(SOURCE DATA Opens)

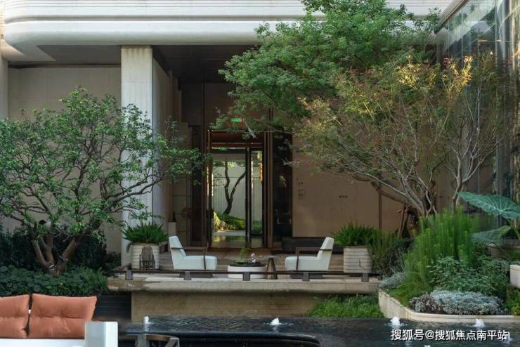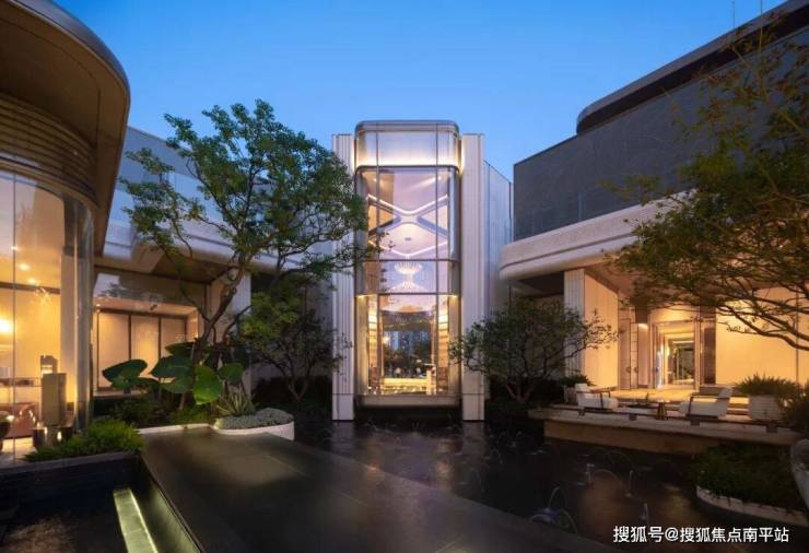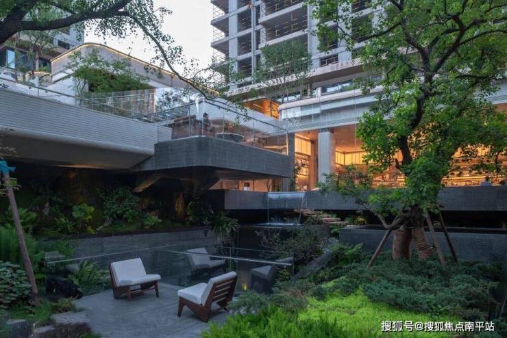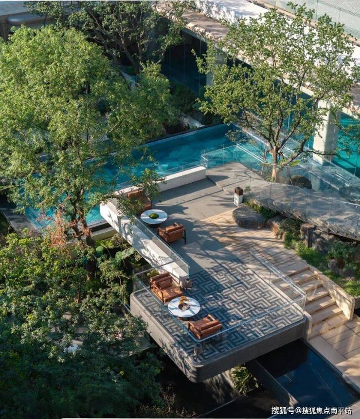 庭院,一方闹市中宁静的绿洲。走进这片园林,城市的喧嚣被隔离在外,树影青葱,镜面水景层叠错落,如同玲珑的百宝盒,洒落在山涧中。 多层景观台地弱化场地高差,形成层次丰富的立体景观;四面悬浮感玻璃盒子环绕,模糊室内外边界 ,山水之色与精奢生活在其中无缝衔接。
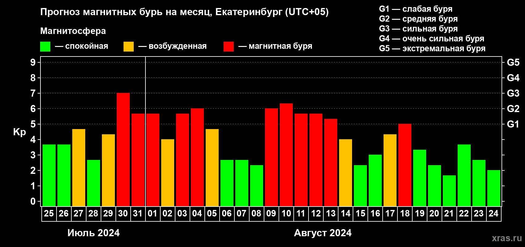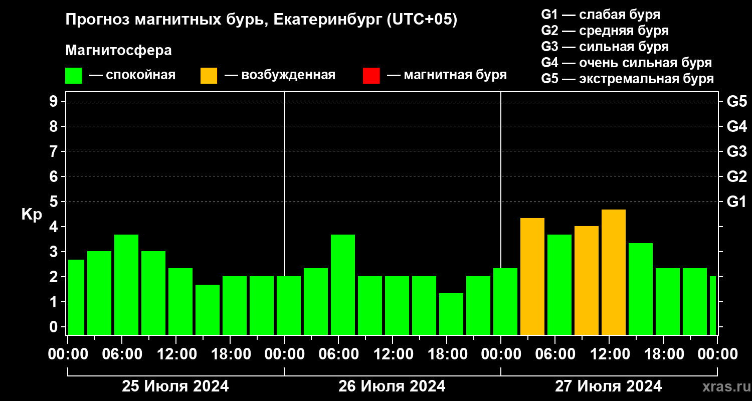 Прогноз магнитных бурь в Екатеринбурге — 25 июля 2024 года
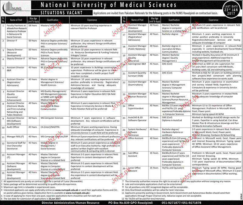 Apply as per details in job advertisement. Login to view further details of how to apply via https://www.jobz.pk online.
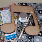 1 x 20cm double note shape (MDF), 1 full sheet of decopatch paper, 1 decopatch brush and a small pot of decopatch glue.
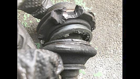 ![]() 作業の様子B ボールジョイントは春の時点でブーツ切れを確認していました。 これでは9月の車検は通りません。 |
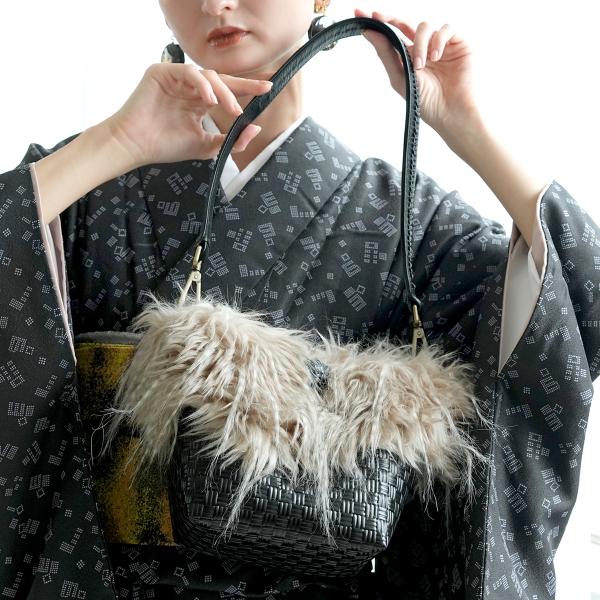 ファー付ミニトートバッグ 羊革×ラフィア ブラック×ブラウンテリア フェイクファー かごバッグ 和装 和服 カジュアル 個性派 モード 和装バッグ 洋服にも
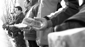 12月20日下午,北京008國際藝術(shù)區(qū)(以下簡稱008藝術(shù)區(qū))門口,30余名藝術(shù)家站成兩排,手持從拆遷廢墟中撿來的磚頭,眼睛死死盯著遠方,足足站了1個小時。
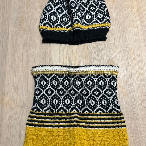 Leter du etter et varmt og vakkert håndlaget strikkesett? Jeg tar imot bestillinger på hjemmestrikkede sett med hals og pannebånd, prydet med det tradisjonsrike setesdalsmønsteret.
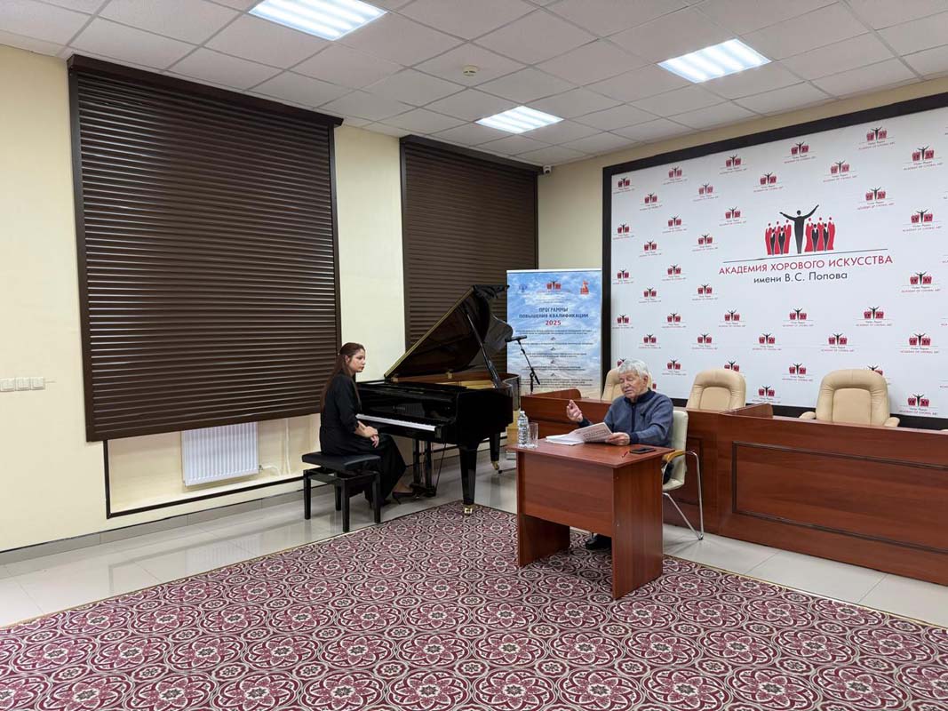 03 ноября 2025 года в Академии хорового искусства имени В.С. Попова завершилось обучение по дополнительной профессиональной программе повышения квалификации «Фортепиано в музыке композиторов второй половины XX–XXI века: трактовка инструмента, композиторские стилистики» для 55 слушателей из 17 регионов Российской Федерации. Программа реализуется Центром непрерывного образования и повышения квалификации творческих и управленческих кадров в сфере культуры Академии хорового искусства имени В.С. Попова в рамках государственной программы Российской Федерации «Развитие культуры».
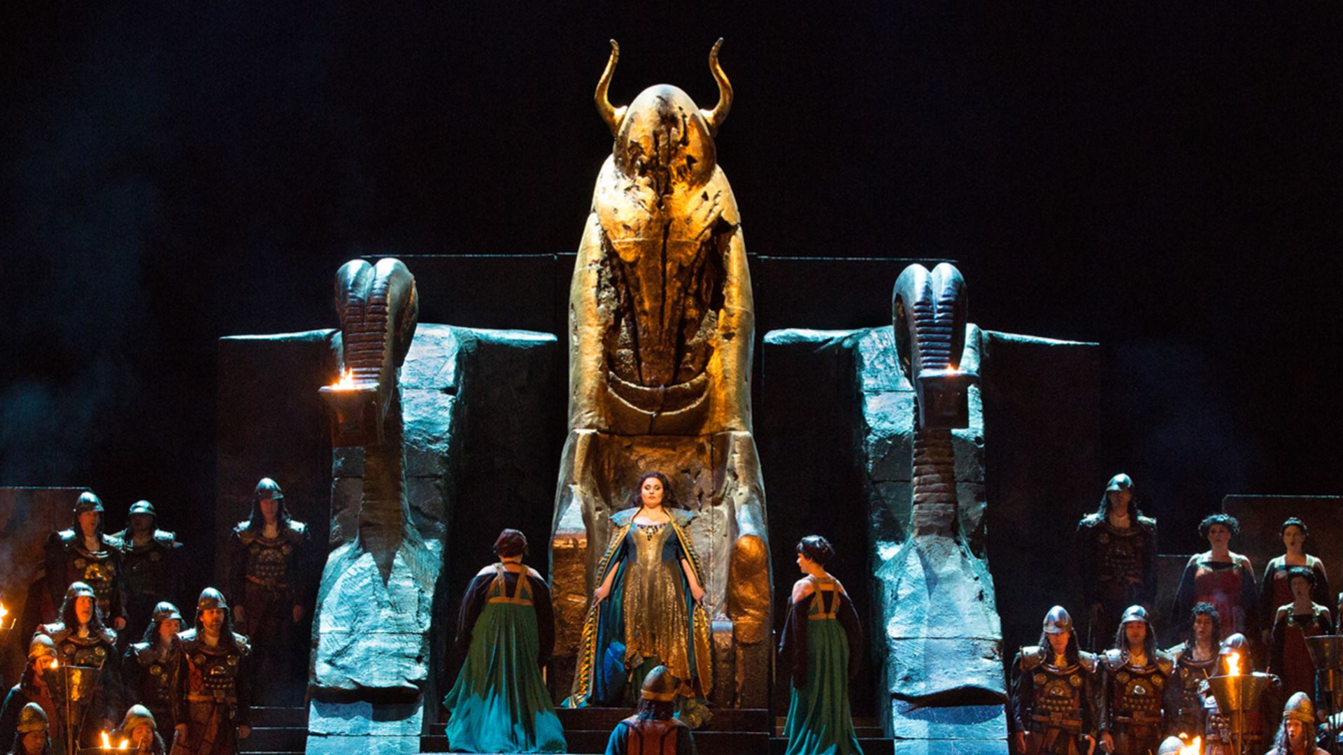 Ancient Babylon comes to life in this classic Met staging of biblical proportions. Baritone George Gagnidze stars as the imperious king Nabucco, alongside soprano Liudmyla Monastyrska, reprising her thrilling turn as his vengeful daughter Abigaille. Mezzo-soprano Maria Barakova and tenor SeokJong Baek are Fenena and Ismaele, whose love transcends politics, and bass Dmitry Belosselskiy repeats his celebrated portrayal of the high priest Zaccaria. Daniele Callegari conducts Verdi’s exhilarating early masterpiece, which features the ultimate showcase for the great Met Chorus, the moving “Va, pensiero.”
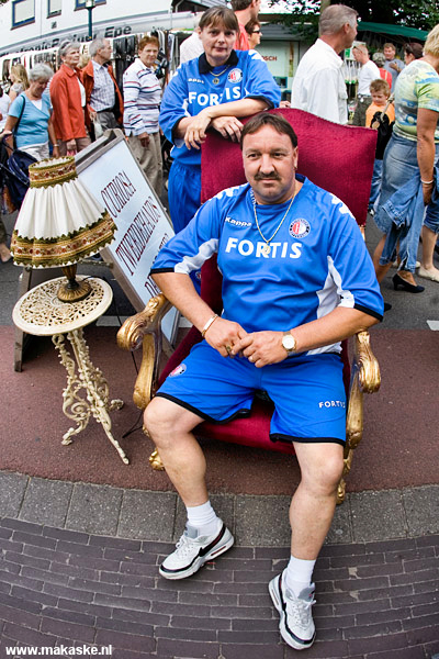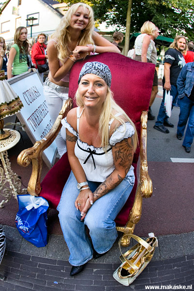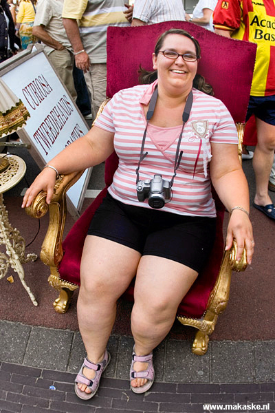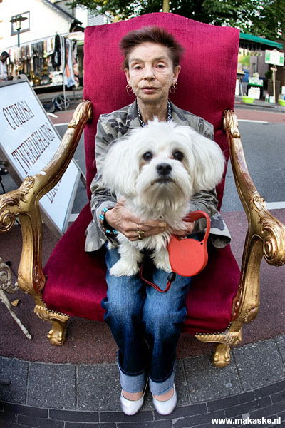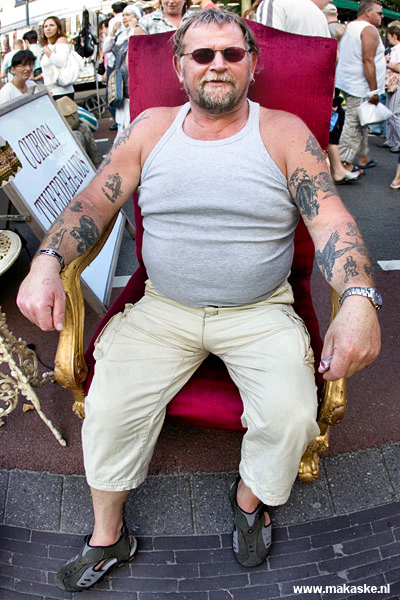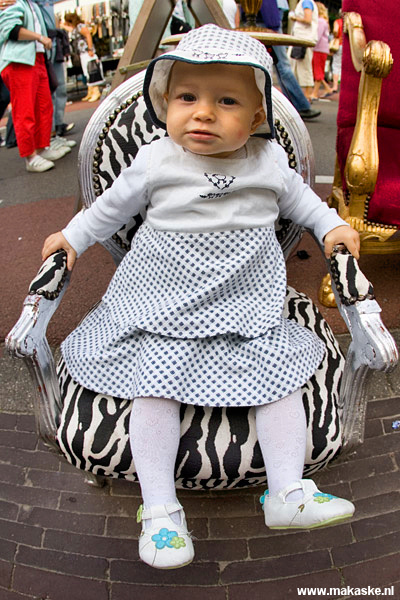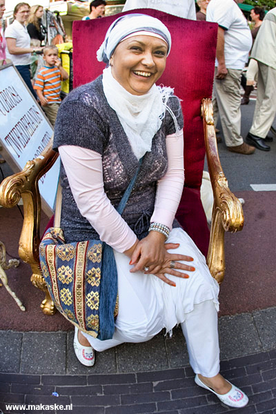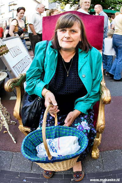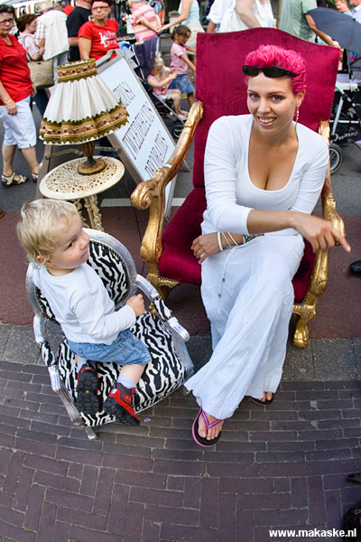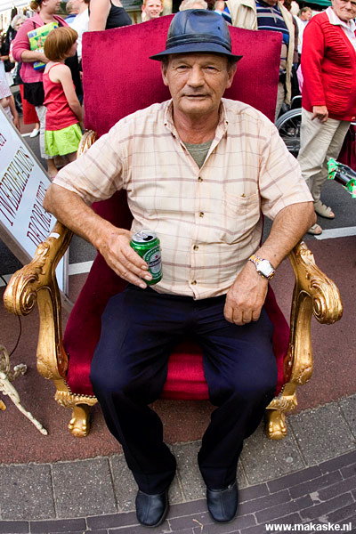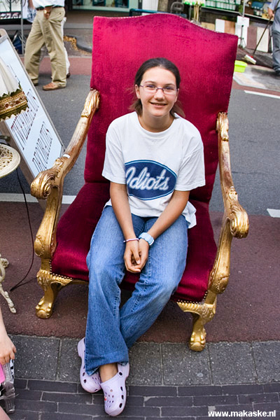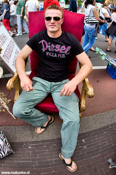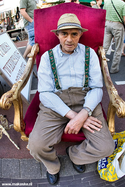 Dat bracht mij deze week op het idee om een paar stoelen bij hem op de stoep te zetten en braderiebezoekers uit te nodigen daarin te poseren voor mijn camera. Geen gedoe met belichting en aparte achtergronden... gewoon pretentieloos op straat tussen de mensen een spontane serie schieten.
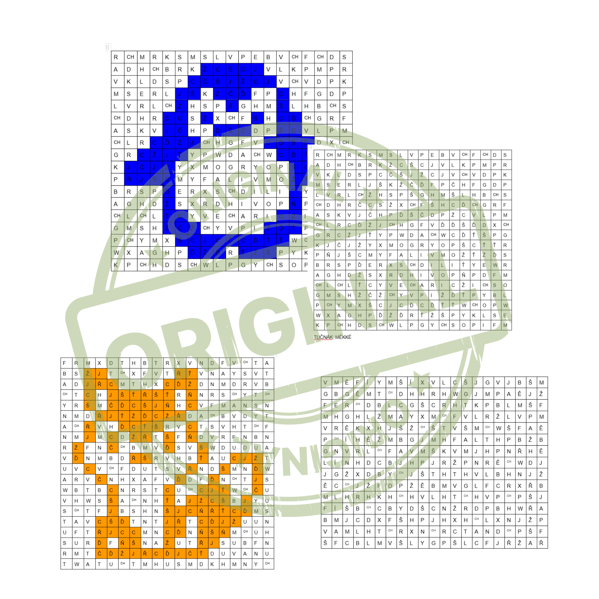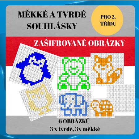 Materiál obsahuje šest zašifrovaných obrázku na procvičení měkkých a tvrdých souhlásek. 3 obrázky se soustředí na rozpoznání tvrdých souhlásek H CH K R D T N, 3 obrázky cílí na souhlásky měkké Ž Š Č Ř C J Ď Ť Ň. Děti vybarvením správných políček získají obrázek zvířete.

(SOURCE DATA Closes)

* WHAT IS EXPECTED *
From the opening line of the entries above to the line that holds "Leter du etter", inclusive, reproduce each line exactly and omit any picture.

* RESPONSE AREA *
 庭院,一方闹市中宁静的绿洲。走进这片园林,城市的喧嚣被隔离在外,树影青葱,镜面水景层叠错落,如同玲珑的百宝盒,洒落在山涧中。 多层景观台地弱化场地高差,形成层次丰富的立体景观;四面悬浮感玻璃盒子环绕,模糊室内外边界 ,山水之色与精奢生活在其中无缝衔接。
 Прогноз магнитных бурь в Екатеринбурге — 25 июля 2024 года
 Apply as per details in job advertisement. Login to view further details of how to apply via https://www.jobz.pk online.
 1 x 20cm double note shape (MDF), 1 full sheet of decopatch paper, 1 decopatch brush and a small pot of decopatch glue.
 ![]() 作業の様子B ボールジョイントは春の時点でブーツ切れを確認していました。 これでは9月の車検は通りません。 |
 ファー付ミニトートバッグ 羊革×ラフィア ブラック×ブラウンテリア フェイクファー かごバッグ 和装 和服 カジュアル 個性派 モード 和装バッグ 洋服にも
 12月20日下午,北京008國際藝術(shù)區(qū)(以下簡稱008藝術(shù)區(qū))門口,30余名藝術(shù)家站成兩排,手持從拆遷廢墟中撿來的磚頭,眼睛死死盯著遠方,足足站了1個小時。
 Leter du etter et varmt og vakkert håndlaget strikkesett? Jeg tar imot bestillinger på hjemmestrikkede sett med hals og pannebånd, prydet med det tradisjonsrike setesdalsmønsteret.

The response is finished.